Print the data below verbatim, minus images.

(Records drawn from a dataset)
- Opening Delimiter -

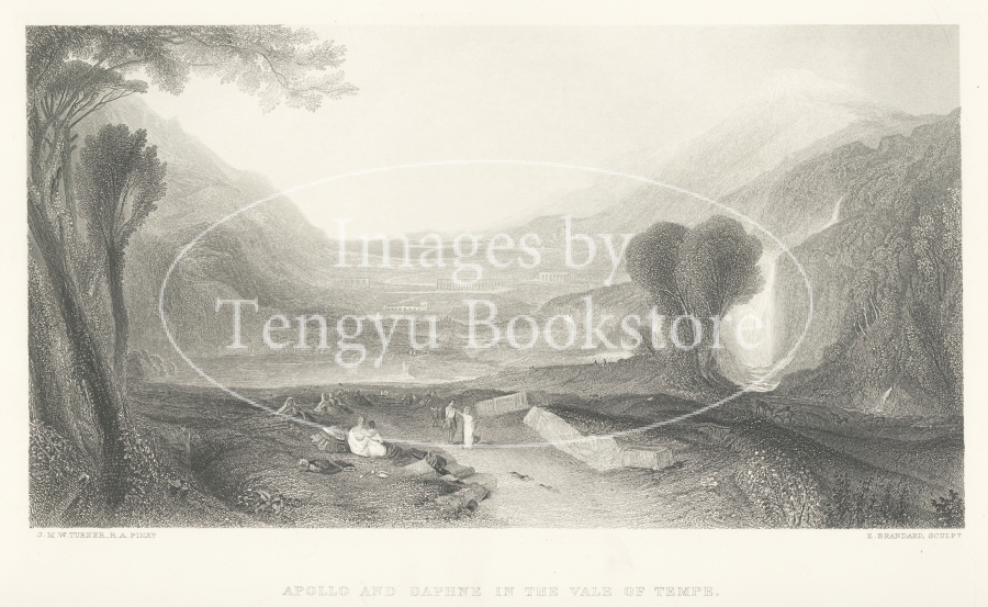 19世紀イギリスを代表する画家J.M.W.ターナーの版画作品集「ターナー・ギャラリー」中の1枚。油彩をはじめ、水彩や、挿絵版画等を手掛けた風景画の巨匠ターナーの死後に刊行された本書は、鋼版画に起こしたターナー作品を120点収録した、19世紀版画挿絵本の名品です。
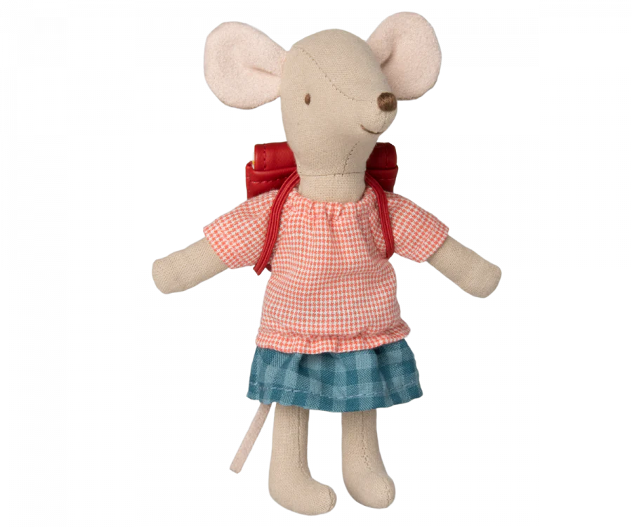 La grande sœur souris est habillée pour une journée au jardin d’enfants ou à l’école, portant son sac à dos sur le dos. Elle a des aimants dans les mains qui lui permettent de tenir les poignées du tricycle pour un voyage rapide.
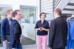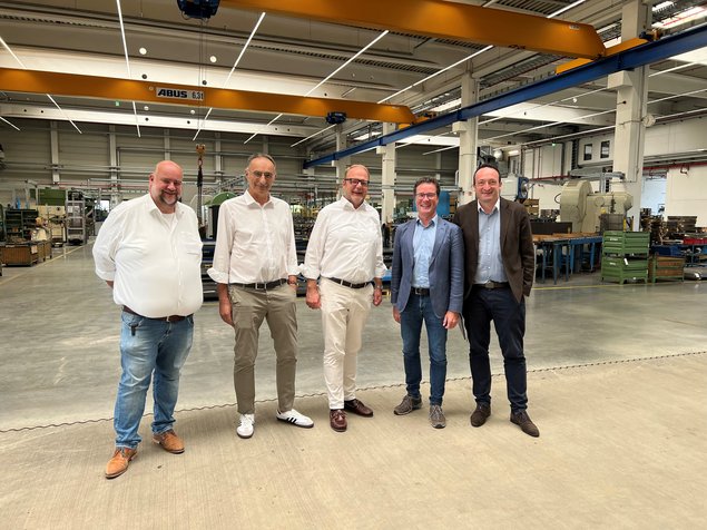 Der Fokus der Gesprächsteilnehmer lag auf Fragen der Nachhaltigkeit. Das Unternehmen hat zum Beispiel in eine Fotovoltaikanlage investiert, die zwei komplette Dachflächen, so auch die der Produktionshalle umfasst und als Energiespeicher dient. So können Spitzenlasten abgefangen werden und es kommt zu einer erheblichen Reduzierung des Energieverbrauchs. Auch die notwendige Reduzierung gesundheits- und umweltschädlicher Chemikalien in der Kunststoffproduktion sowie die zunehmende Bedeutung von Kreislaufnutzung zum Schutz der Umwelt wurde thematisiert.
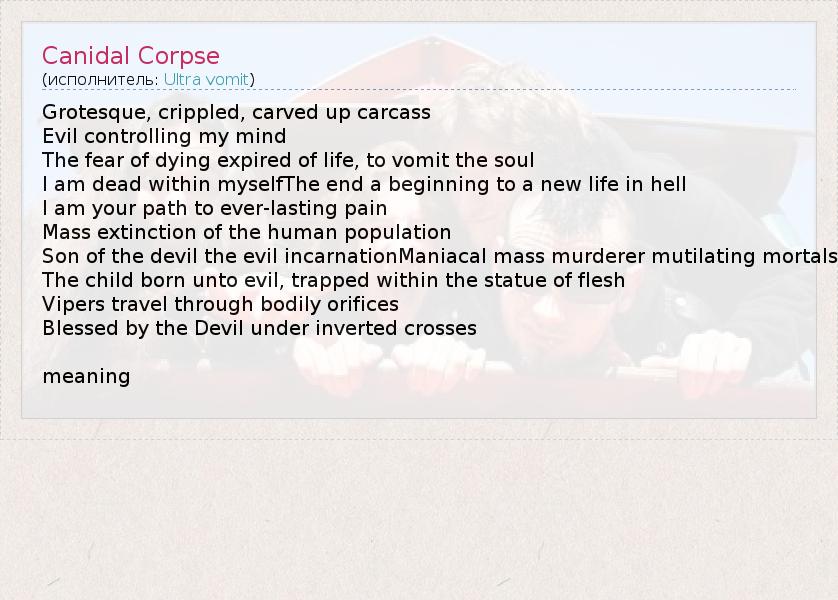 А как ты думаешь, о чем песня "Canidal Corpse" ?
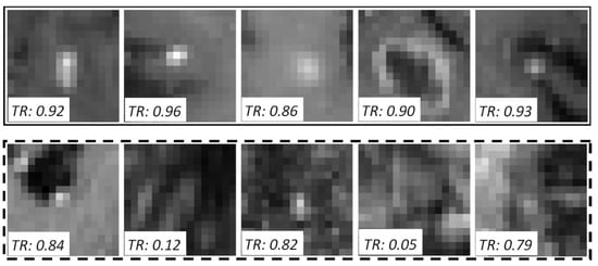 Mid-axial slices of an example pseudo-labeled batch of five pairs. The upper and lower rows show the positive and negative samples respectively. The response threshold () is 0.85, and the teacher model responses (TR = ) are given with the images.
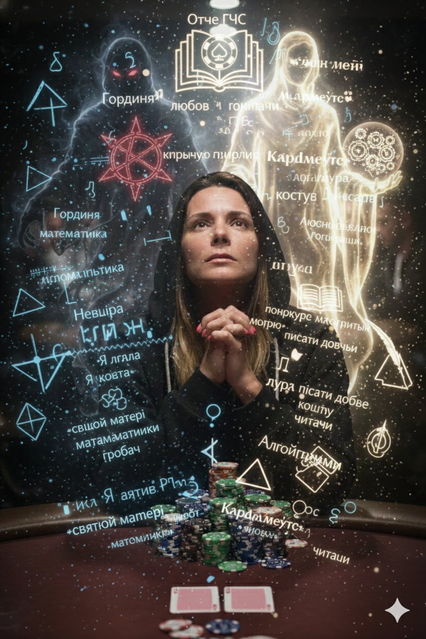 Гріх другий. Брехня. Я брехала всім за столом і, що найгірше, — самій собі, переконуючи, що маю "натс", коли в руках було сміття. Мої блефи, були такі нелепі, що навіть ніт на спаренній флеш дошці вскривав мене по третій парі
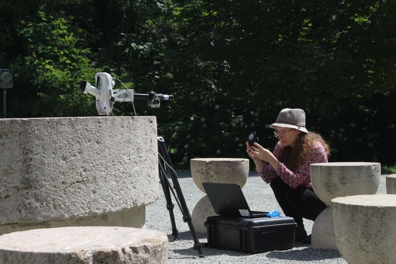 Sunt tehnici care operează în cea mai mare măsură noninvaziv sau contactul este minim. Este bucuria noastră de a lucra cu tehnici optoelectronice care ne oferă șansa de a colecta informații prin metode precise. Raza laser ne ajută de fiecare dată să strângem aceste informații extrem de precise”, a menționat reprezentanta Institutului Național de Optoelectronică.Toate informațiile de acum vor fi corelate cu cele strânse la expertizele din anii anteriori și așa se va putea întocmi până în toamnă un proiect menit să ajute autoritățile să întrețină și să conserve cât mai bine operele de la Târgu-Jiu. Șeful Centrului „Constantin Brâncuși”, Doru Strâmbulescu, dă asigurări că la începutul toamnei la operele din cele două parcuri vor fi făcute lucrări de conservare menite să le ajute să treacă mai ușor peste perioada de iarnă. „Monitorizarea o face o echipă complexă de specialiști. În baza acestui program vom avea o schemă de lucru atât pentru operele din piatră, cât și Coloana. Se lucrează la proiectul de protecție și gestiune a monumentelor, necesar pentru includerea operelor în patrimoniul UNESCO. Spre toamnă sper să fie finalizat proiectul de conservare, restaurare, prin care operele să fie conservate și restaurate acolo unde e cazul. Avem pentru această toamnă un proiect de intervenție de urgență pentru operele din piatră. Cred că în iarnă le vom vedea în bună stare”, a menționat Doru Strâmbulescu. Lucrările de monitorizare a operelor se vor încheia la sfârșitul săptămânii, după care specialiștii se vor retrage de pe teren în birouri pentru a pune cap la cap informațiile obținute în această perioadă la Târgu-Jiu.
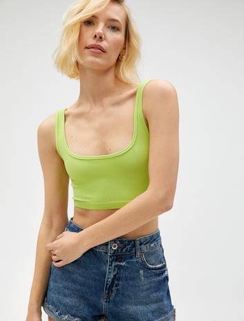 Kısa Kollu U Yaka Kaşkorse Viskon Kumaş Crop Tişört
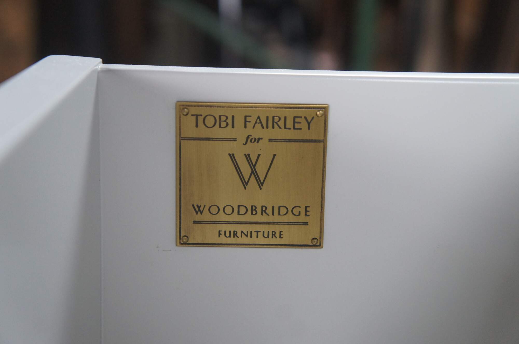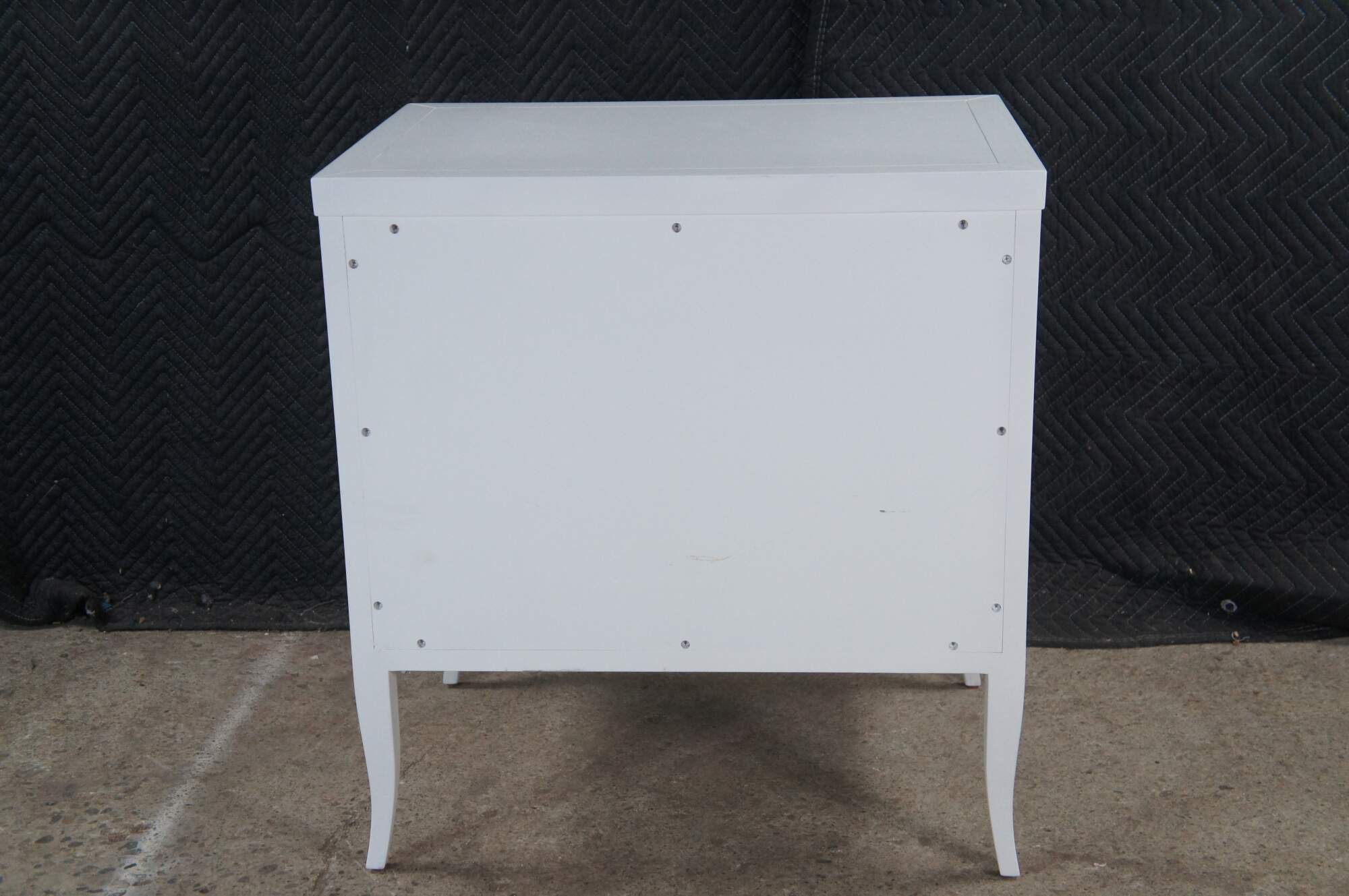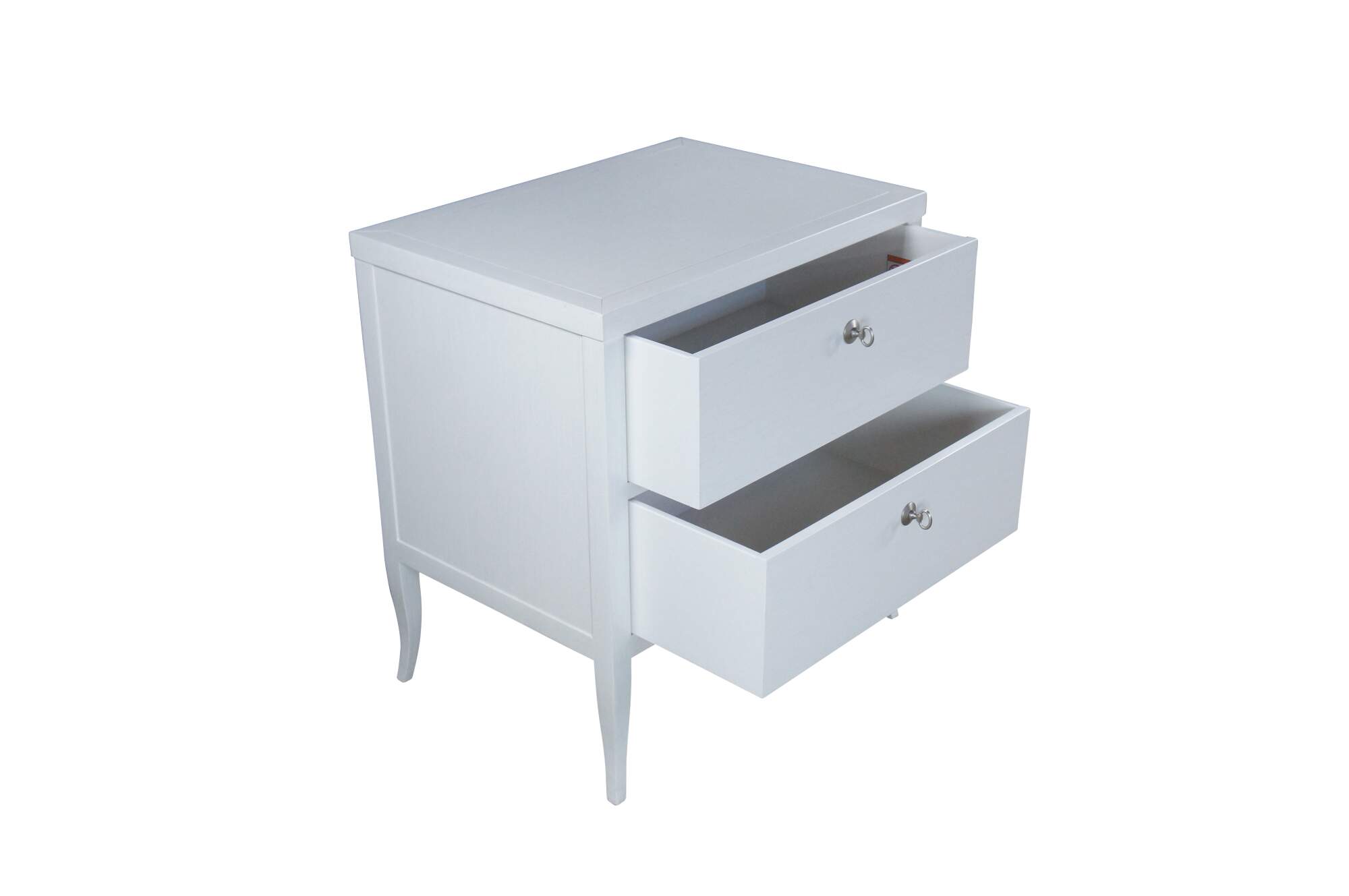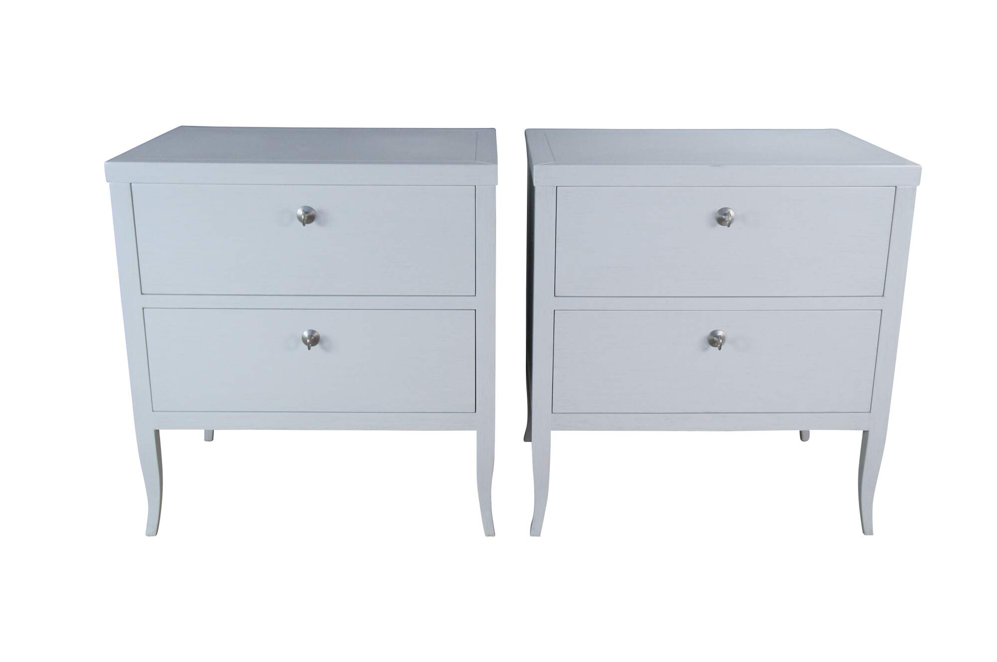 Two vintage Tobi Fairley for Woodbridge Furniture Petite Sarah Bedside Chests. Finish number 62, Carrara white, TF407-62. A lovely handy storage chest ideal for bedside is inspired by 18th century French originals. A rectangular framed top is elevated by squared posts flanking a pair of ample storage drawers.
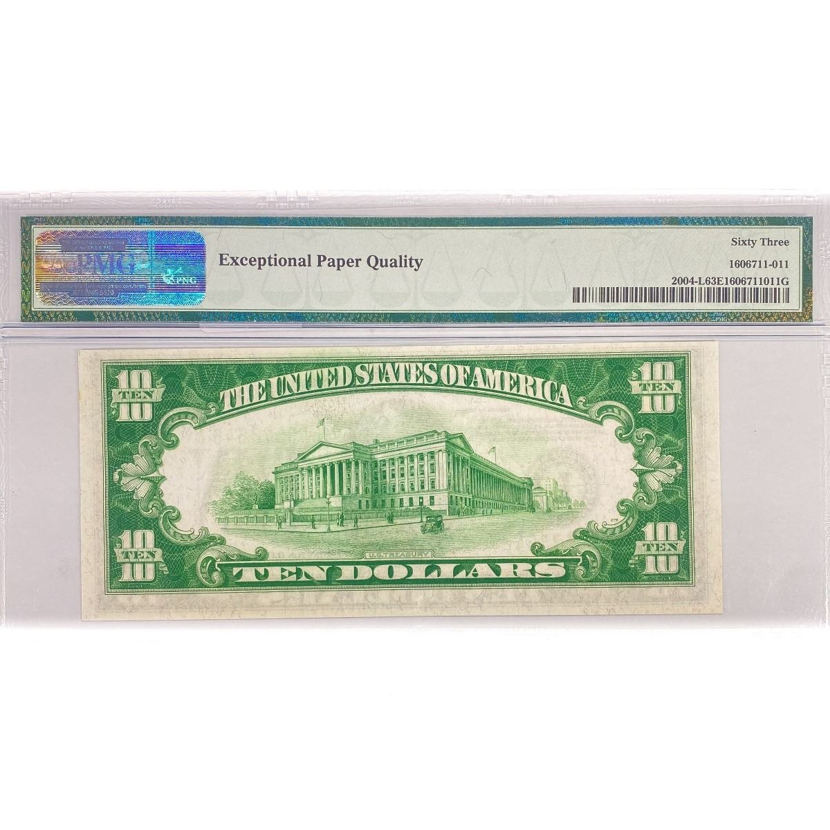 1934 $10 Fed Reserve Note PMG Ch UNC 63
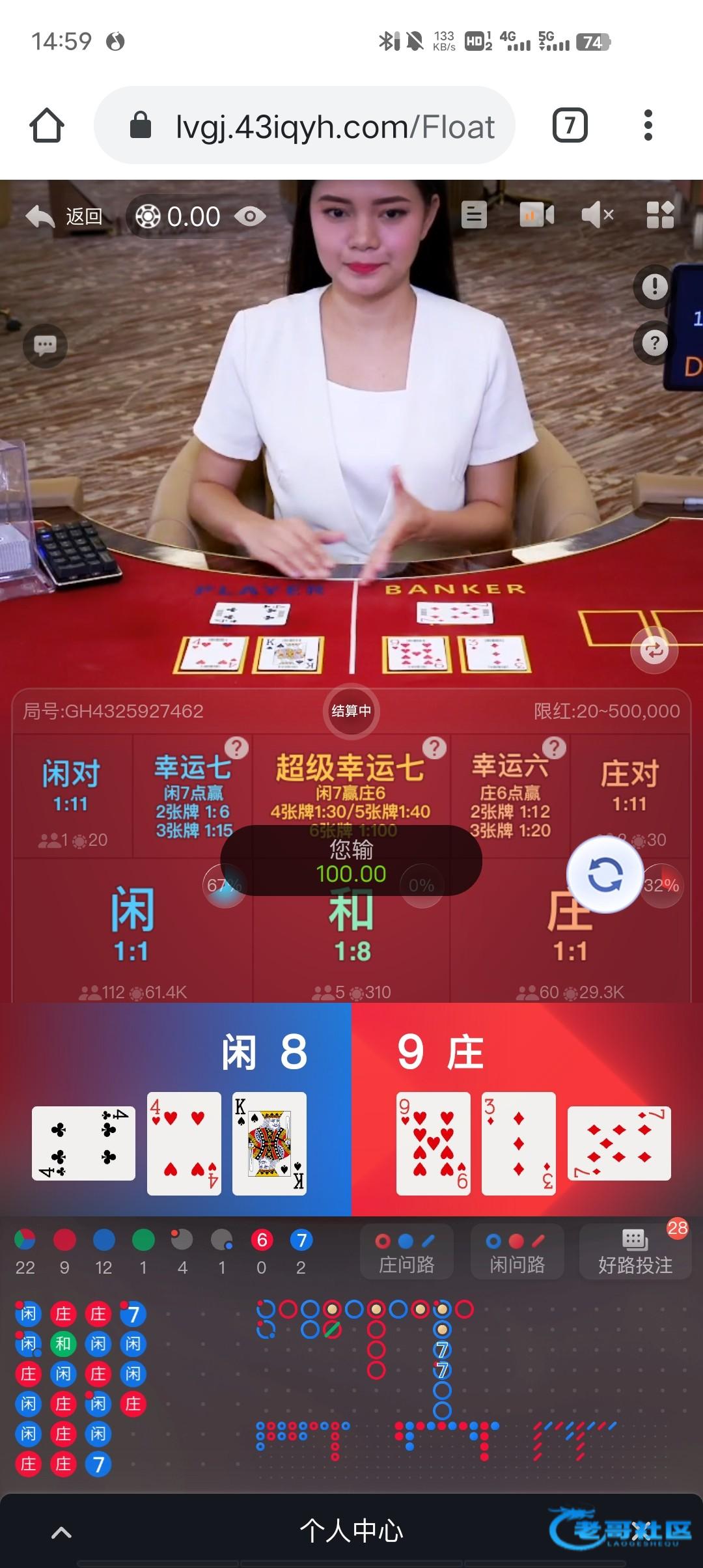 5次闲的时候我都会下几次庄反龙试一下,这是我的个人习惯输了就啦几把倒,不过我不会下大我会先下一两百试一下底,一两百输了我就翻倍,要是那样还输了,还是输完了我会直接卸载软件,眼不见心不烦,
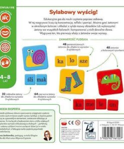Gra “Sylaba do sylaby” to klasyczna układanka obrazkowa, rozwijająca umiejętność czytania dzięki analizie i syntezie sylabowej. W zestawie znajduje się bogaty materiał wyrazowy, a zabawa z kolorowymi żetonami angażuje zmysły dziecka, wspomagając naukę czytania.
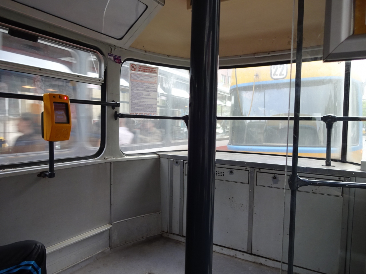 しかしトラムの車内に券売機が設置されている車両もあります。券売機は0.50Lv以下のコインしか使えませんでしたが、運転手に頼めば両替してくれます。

- Closing Delimiter -

### PROBLEM SOLUTION
 19世紀イギリスを代表する画家J.M.W.ターナーの版画作品集「ターナー・ギャラリー」中の1枚。油彩をはじめ、水彩や、挿絵版画等を手掛けた風景画の巨匠ターナーの死後に刊行された本書は、鋼版画に起こしたターナー作品を120点収録した、19世紀版画挿絵本の名品です。
 La grande sœur souris est habillée pour une journée au jardin d’enfants ou à l’école, portant son sac à dos sur le dos. Elle a des aimants dans les mains qui lui permettent de tenir les poignées du tricycle pour un voyage rapide.
 Der Fokus der Gesprächsteilnehmer lag auf Fragen der Nachhaltigkeit. Das Unternehmen hat zum Beispiel in eine Fotovoltaikanlage investiert, die zwei komplette Dachflächen, so auch die der Produktionshalle umfasst und als Energiespeicher dient. So können Spitzenlasten abgefangen werden und es kommt zu einer erheblichen Reduzierung des Energieverbrauchs. Auch die notwendige Reduzierung gesundheits- und umweltschädlicher Chemikalien in der Kunststoffproduktion sowie die zunehmende Bedeutung von Kreislaufnutzung zum Schutz der Umwelt wurde thematisiert.
 А как ты думаешь, о чем песня "Canidal Corpse" ?
 Mid-axial slices of an example pseudo-labeled batch of five pairs. The upper and lower rows show the positive and negative samples respectively. The response threshold () is 0.85, and the teacher model responses (TR = ) are given with the images.
 Гріх другий. Брехня. Я брехала всім за столом і, що найгірше, — самій собі, переконуючи, що маю "натс", коли в руках було сміття. Мої блефи, були такі нелепі, що навіть ніт на спаренній флеш дошці вскривав мене по третій парі
 Sunt tehnici care operează în cea mai mare măsură noninvaziv sau contactul este minim. Este bucuria noastră de a lucra cu tehnici optoelectronice care ne oferă șansa de a colecta informații prin metode precise. Raza laser ne ajută de fiecare dată să strângem aceste informații extrem de precise”, a menționat reprezentanta Institutului Național de Optoelectronică.Toate informațiile de acum vor fi corelate cu cele strânse la expertizele din anii anteriori și așa se va putea întocmi până în toamnă un proiect menit să ajute autoritățile să întrețină și să conserve cât mai bine operele de la Târgu-Jiu. Șeful Centrului „Constantin Brâncuși”, Doru Strâmbulescu, dă asigurări că la începutul toamnei la operele din cele două parcuri vor fi făcute lucrări de conservare menite să le ajute să treacă mai ușor peste perioada de iarnă. „Monitorizarea o face o echipă complexă de specialiști. În baza acestui program vom avea o schemă de lucru atât pentru operele din piatră, cât și Coloana. Se lucrează la proiectul de protecție și gestiune a monumentelor, necesar pentru includerea operelor în patrimoniul UNESCO. Spre toamnă sper să fie finalizat proiectul de conservare, restaurare, prin care operele să fie conservate și restaurate acolo unde e cazul. Avem pentru această toamnă un proiect de intervenție de urgență pentru operele din piatră. Cred că în iarnă le vom vedea în bună stare”, a menționat Doru Strâmbulescu. Lucrările de monitorizare a operelor se vor încheia la sfârșitul săptămânii, după care specialiștii se vor retrage de pe teren în birouri pentru a pune cap la cap informațiile obținute în această perioadă la Târgu-Jiu.
 Kısa Kollu U Yaka Kaşkorse Viskon Kumaş Crop Tişört
 Two vintage Tobi Fairley for Woodbridge Furniture Petite Sarah Bedside Chests. Finish number 62, Carrara white, TF407-62. A lovely handy storage chest ideal for bedside is inspired by 18th century French originals. A rectangular framed top is elevated by squared posts flanking a pair of ample storage drawers.
 1934 $10 Fed Reserve Note PMG Ch UNC 63
 5次闲的时候我都会下几次庄反龙试一下,这是我的个人习惯输了就啦几把倒,不过我不会下大我会先下一两百试一下底,一两百输了我就翻倍,要是那样还输了,还是输完了我会直接卸载软件,眼不见心不烦,
Gra “Sylaba do sylaby” to klasyczna układanka obrazkowa, rozwijająca umiejętność czytania dzięki analizie i syntezie sylabowej. W zestawie znajduje się bogaty materiał wyrazowy, a zabawa z kolorowymi żetonami angażuje zmysły dziecka, wspomagając naukę czytania.
 しかしトラムの車内に券売機が設置されている車両もあります。券売機は0.50Lv以下のコインしか使えませんでしたが、運転手に頼めば両替してくれます。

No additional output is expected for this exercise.